1.1.19 (core) / 0.17.19 (libraries)#

New#

  • The FreshnessPolicy object now supports a cron_schedule_timezone argument.
  • AssetsDefinition.from_graph now supports a freshness_policies_by_output_name parameter.
  • The @asset_sensor will now display an informative SkipReason when no new materializations have been created since the last sensor tick.
  • AssetsDefinition now has a to_source_asset method, which returns a representation of this asset as a SourceAsset.
  • You can now designate assets as inputs to ops within a graph or graph-based job. E.g.
from dagster import asset, job, op

@asset
def emails_to_send():
    ...

@op
def send_emails(emails) -> None:
    ...

@job
def send_emails_job():
    send_emails(emails_to_send.to_source_asset())
  • Added a --dagit-host/-h argument to the dagster dev command to allow customization of the host where Dagit runs.
  • [dagster-snowflake, dagster-duckdb] Database I/O managers (Snowflake, DuckDB) now support static partitions, multi-partitions, and dynamic partitions.

Bugfixes#

  • Previously, if a description was provided for an op that backed a multi-asset, the op’s description would override the descriptions in Dagit for the individual assets.
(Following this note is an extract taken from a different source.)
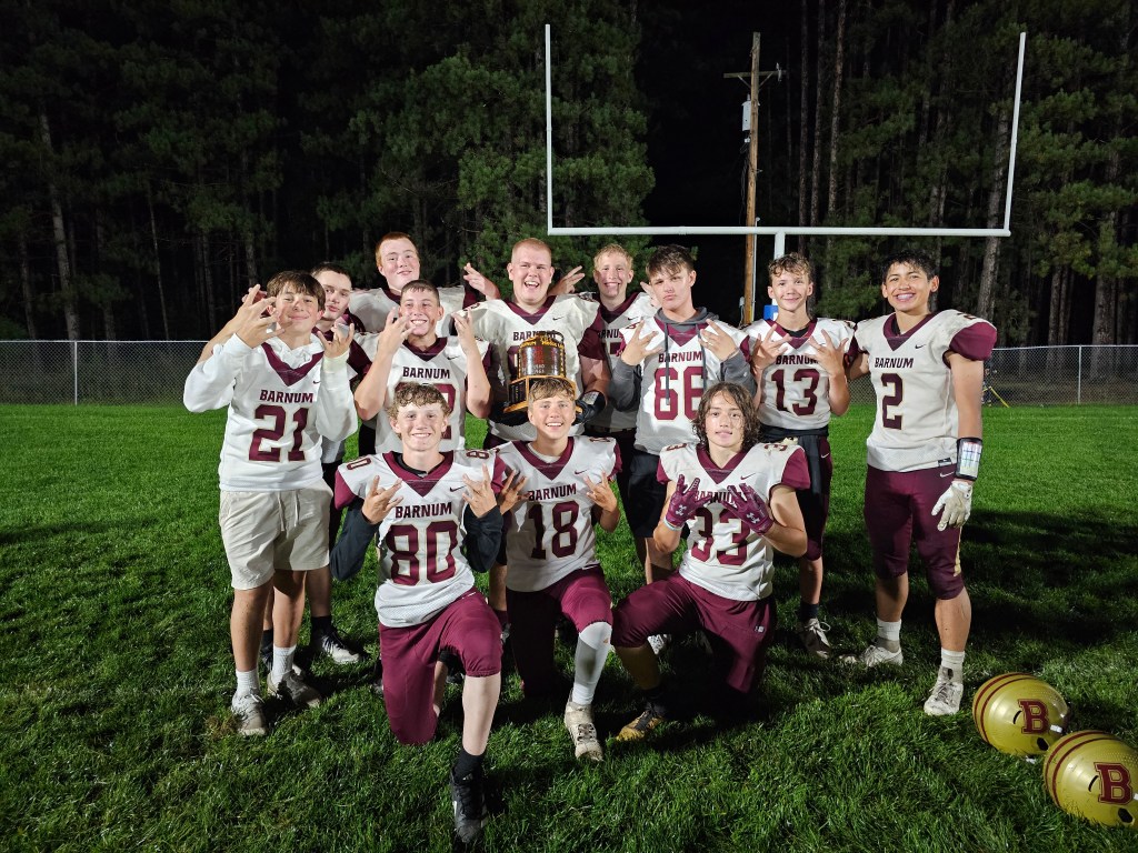 The Barnum Bombers beat the Moose Lake / Willow River Rebels 9-6 to bring home the Little Brown Jug for the second year in a row during regular season play.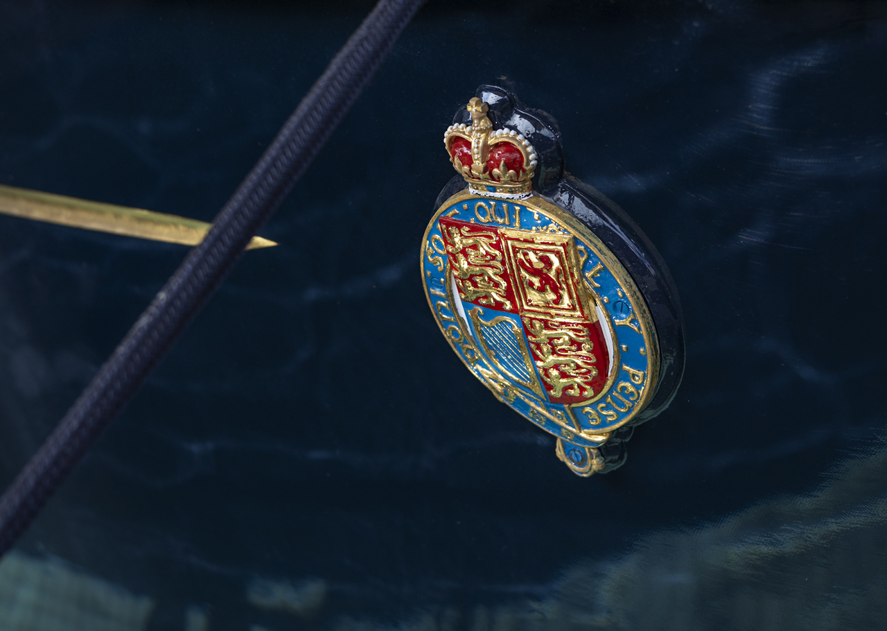 A crest detail adorns the Royal Barge, which Queen Elizabeth II and Prince Philip used for travelling ashore from Britannia.

This has been fixed.
  • Sometimes, when applying an input_manager_key to an asset’s input, incorrect resource config could be used when loading that input. This has been fixed.
  • Previously, the backfill page errored when partitions definitions changed for assets that had been backfilled. This has been fixed.
  • When displaying materialized partitions for multipartitioned assets, Dagit would error if a dimension had zero partitions. This has been fixed.
  • [dagster-k8s] Fixed an issue where setting runK8sConfig in the Dagster Helm chart would not pass configuration through to pods launched using the k8s_job_executor.
  • [dagster-k8s] Previously, using the execute_k8s_job op downstream of a dynamic output would result in k8s jobs with duplicate names being created. This has been fixed.
  • [dagster-snowflake] Previously, if the schema for storing outputs didn’t exist, the Snowflake I/O manager would fail. Now it creates the schema.

Breaking Changes#

  • Removed the experimental, undocumented asset_key, asset_partitions, and asset_partitions_defs arguments on Out.
  • @multi_asset no longer accepts Out values in the dictionary passed to its outs argument. This was experimental and deprecated. Instead, use AssetOut.
  • The experimental, undocumented top_level_resources argument to the repository decorator has been renamed to _top_level_resources to emphasize that it should not be set manually.

Community Contributions#

  • load_asset_values now accepts resource configuration (thanks @Nintorac!)
  • Previously, when using the UPathIOManager, paths with the "." character in them would be incorrectly truncated, which could result in multiple distinct objects being written to the same path. This has been fixed. (Thanks @spenczar!)

Experimental#

  • [dagster-dbt] Added documentation to our dbt Cloud integration to cache the loading of software-defined assets from a dbt Cloud job.

Documentation#

  • Revamped the introduction to the Partitions concepts page to make it clear that non-time-window partitions are equally encouraged.
  • In Navigation, moved the Partitions and Backfill concept pages to their own section underneath Concepts.
  • Moved the Running Dagster locally guide from Deployment to Guides to reflect that OSS and Cloud users can follow it.
  • Added a new guide covering asset versioning and caching.